Отец! -- сказал Ролан, бросаясь к Даже. -- Осторожнее!
Сабина!..
Шатаясь, Даже подошел к постели. В эту минуту в комнату вошли герцог Ришелье, начальник полиции и доктор Кене. Мадемуазель Кино пошла к ним навстречу.
Даже наклонился над постелью Сабины, взял руку молодой девушки и сжал ее. Глаза его, полные слез, были устремлены на бледное, бесстрастное лицо больной. Глаза Сабины были открыты, но смотрели в никуда. Она лежала совершенно неподвижно, дыхание ее было едва слышно.

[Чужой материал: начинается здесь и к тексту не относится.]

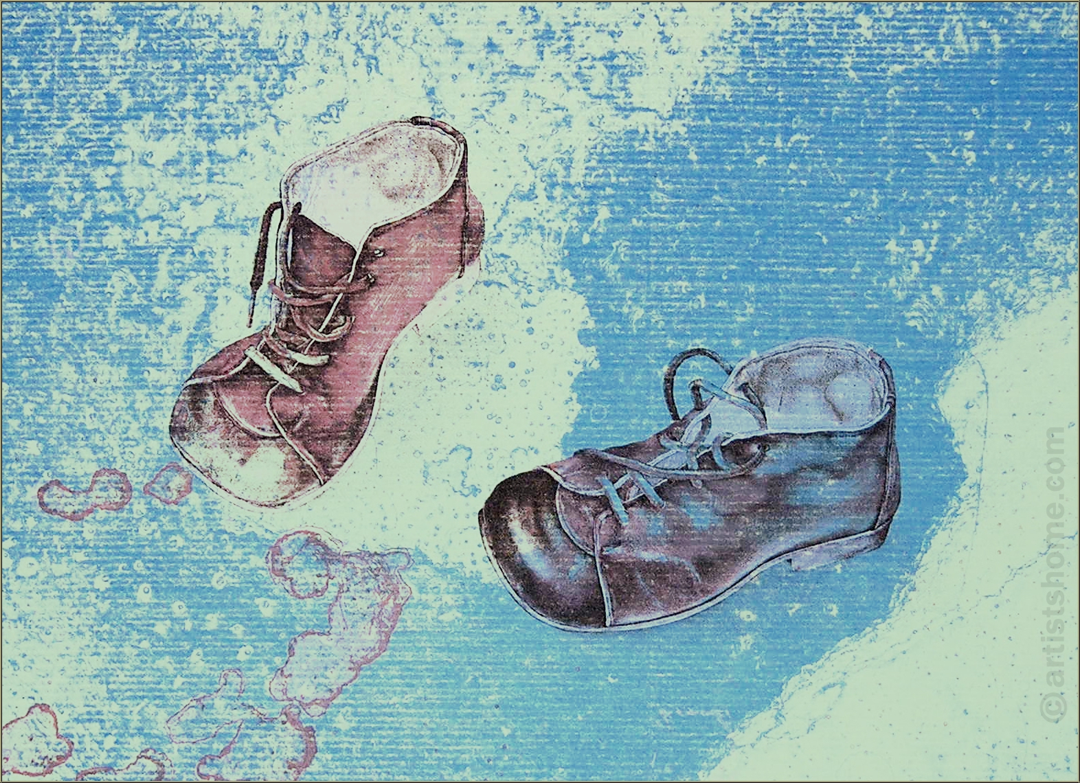 "Kinderspiel" - Pair of brown child's shoes on blue, printed on pale green handmade paper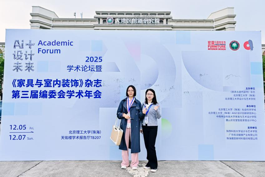 由全国中文核心期刊《家具与室内装饰》杂志联合北京理工大学(珠海)、北京理工大学设计与艺术学院主办的“AI+设计未来”学术论坛暨《家具与室内装饰》杂志第三届编委会学术年会,于2025年12月5日至7日在北京理工大学(珠海)举行。为提升教师教学水平,在华南农业大学珠江学院新视界产业学院的大力支持下,组织艺术设计学院环境设计教研室教师龙珍文、李文赴珠海参加本届论坛研讨。本届论坛以“AI+设计未来”为主题,聚焦人工智能技术对设计学科、教育模式和创新实践的深远影响。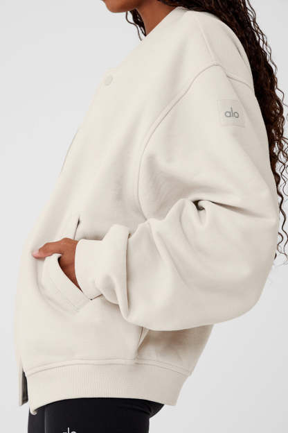 Add a new game-changing layer to your rotation. The Renown Varsity Jacket is made from comfy, heavyweight French terry with drop shoulders, a button front closure, and a smooth look and feel that nails the cool, street-ready vibe. Front slip pockets are handy for storing keys, phone and small essentials on the go.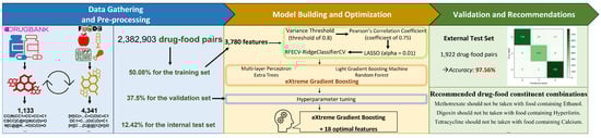 The workflow of our study, which is exhibited in Figure 1, comprised three key steps: (i) Data gathering and pre-processing, (ii) Model building and optimization, and (iii) Validations and recommendations. In the first step, we extracted the data from DrugBank [39] (version 5.1.7) and FooDB (https://foodb.ca/, accessed on 29 August 2022) (version 1.0) databases. During this step, we processed the data to reduce the number of drug and food constituents examined to 1133 and 4341, respectively. In the second step, we applied four feature selection methods to pick up eighteen optimal features among 3780. We applied five algorithms to the training set with eighteen features and then fine-tuned the parameters to find the best model. The last step evaluated the performance of our model on one external test set from the previous study [5]. Finally, we extended our study to predict some adverse DFIs of various drugs encountered in clinical practice.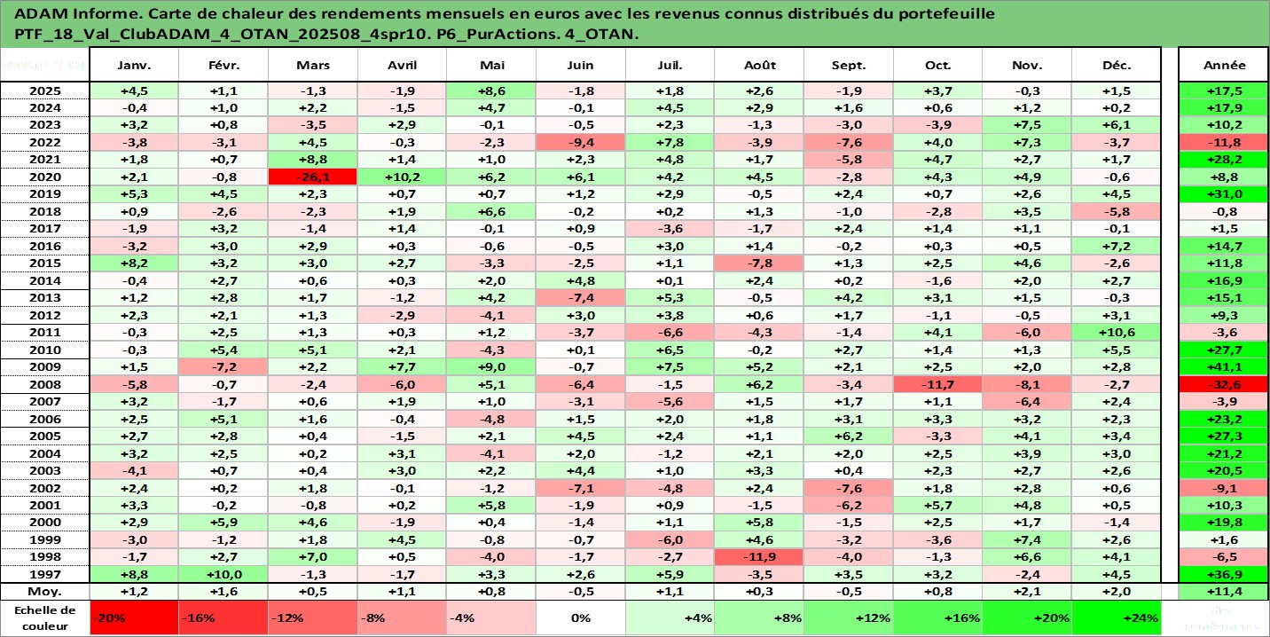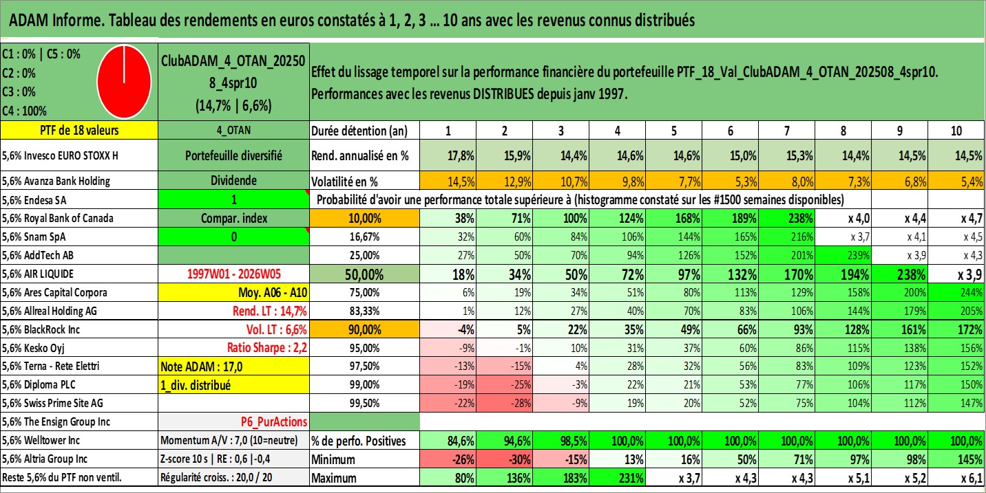 Site dédié aux investisseursPage dédiée sur site financeAnalyse des valorisations hebdomadaires du portefeuille ClubADAM_4_OTAN_202508_4spr10_18actifs avec un profil P6_PurActions. Ce portefeuille est cote en EUR. Les valorisations couvrent les semaines 1997W01 a 2026W05. Les revenus de cet actif financier sont pris en compte depuis la semaine 1997W01. La note globale ESG de cet actif est estimee a 12.9 (apres rebasage entre 0 et 20).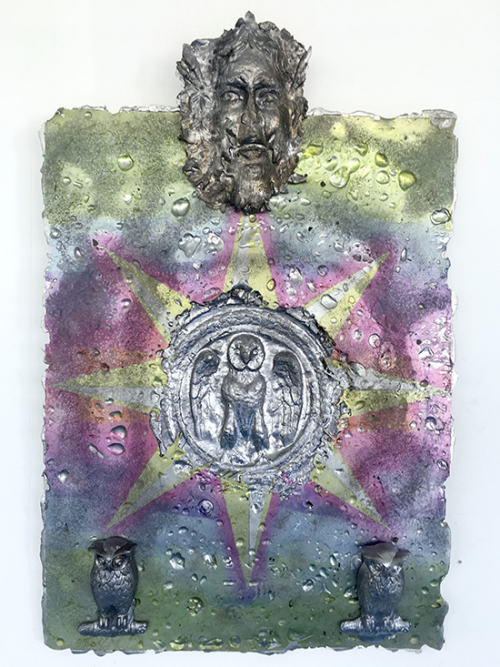 étain, zinc, cuivre, bois, plâtre, transfert d'encre, 155x75cm,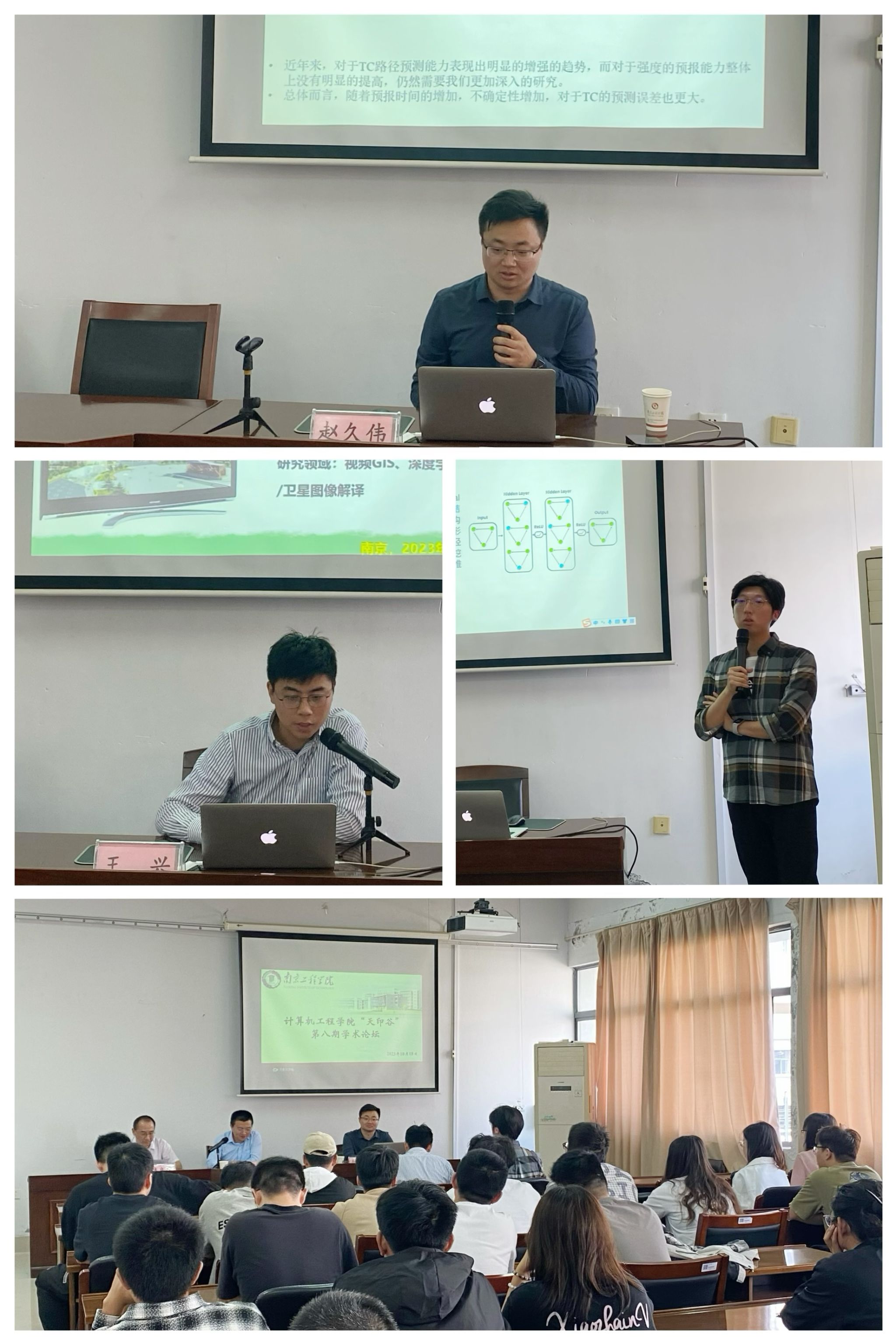 近日,计算机工程学院在信息楼A316举办“智能及优化方法前沿与应用”天印谷第八期学术论坛,论坛特邀南京信息工程大学副教授赵久伟,计算机工程学院王兴、崔诗程博士分别作了“人工智能在台风中的运用:台风强度预测初探测”“多模态监控数据的降雨观测方法研究”“图神经网络技术与应用”报告。计算机工程学院副院长(主持工作)黄晓华教授出席活动并致辞,学院青年教师、研究生及本科生代表共60余人参会。活动由学院副院长焦良葆教授主持。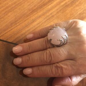 Silver ring. Rose quartz with cubic zirconia around. very elegant and unique .

Боже мой! -- прошептал Даже взволнованно. -- Боже мой! Она меня не видит, она меня не слышит!.. Сабина! -- продолжал он, наклонившись к ней. -- Дочь моя... мое дитя... неужели ты не слышишь голос твоего отца? Сабина!.. Сабина!..
Подошедший доктор тихо отстранил Даже.
Доктор!.. -- прошептал придворный парикмахер.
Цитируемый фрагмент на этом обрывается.